A price term is not necessarily indefinite because the agreement fails to specify a dollar figure, or leaves fixing the amount for the future, or contains no computational formula. Where at the time of agreement the parties have manifested their intent to be bound, a price term may be sufficiently definite if the amount can be determined objectively without the need for new expressions by the parties; a method for reducing uncertainty to certainty might, for example, be found within the agreement or ascertained by reference to an extrinsic event, commercial practice or trade usage.

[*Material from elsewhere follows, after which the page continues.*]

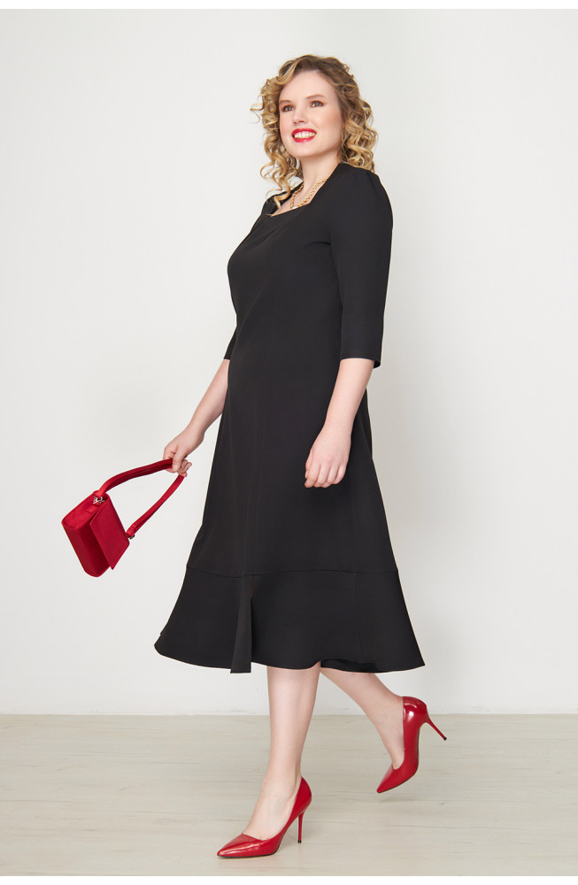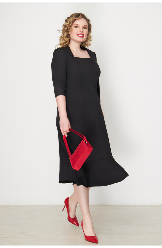 Описание: Платье из костюмной ткани-стрейч полуприлегающего силуэта с фигурным вырезом горловины и втачными рукавами 3/4 со сборками по окату. По низу изделия пришит широкий волан с разрезом по левой ноге.

A price so arrived at would have been the end product of agreement between the parties themselves.

Facts:

The receivership agreement and the lease agreement gave the plaintiff nursing home receiver an option to purchase the nursing home at a price determined by the state health department in accordance with the New York Public Health Law and the health department's applicable regulations. The plaintiff receiver exercised the option. The health department supplied a computation of the purchase price, which it stated was the Medicaid allowable transfer price. The defendant nursing home lessor, however, refused, stating that it had no intention of selling the facility in question at a price to be established by the Department in accordance with the Public Health Law as it was presently constituted. According to the defendant, the transfer price established by the provisions was confiscatory in that it bore no relation to market value or any other reasonable criteria of true value for the facility. Plaintiff receiver filed an action for specific performance. The trial court dismissed plaintiff receiver’s suit on the ground that the option was void for indefiniteness. The appellate court affirmed. Plaintiff receiver challenged the decision. 

Issue:

Was the option void for indefiniteness, thereby warranting the decision against the plaintiff receiver? 

Answer:

No.

Conclusion:

On appeal, the court held that the price term was sufficiently definite, and thus, the option was enforceable. According to the court, where at the time of agreement, the parties manifested their intent to be bound, a price term was sufficiently definite if the amount could be determined objectively without the need for new expressions by the parties. Here, the option manifested the parties' intent that the price was to be fixed by the health department, itself providing an objective standard without the need for further expressions by the parties. Further, the health department's regulations provided a means of fixing a purchase price. Accordingly, the court reversed the order of the appellate court and granted judgment in the plaintiff receiver's favor.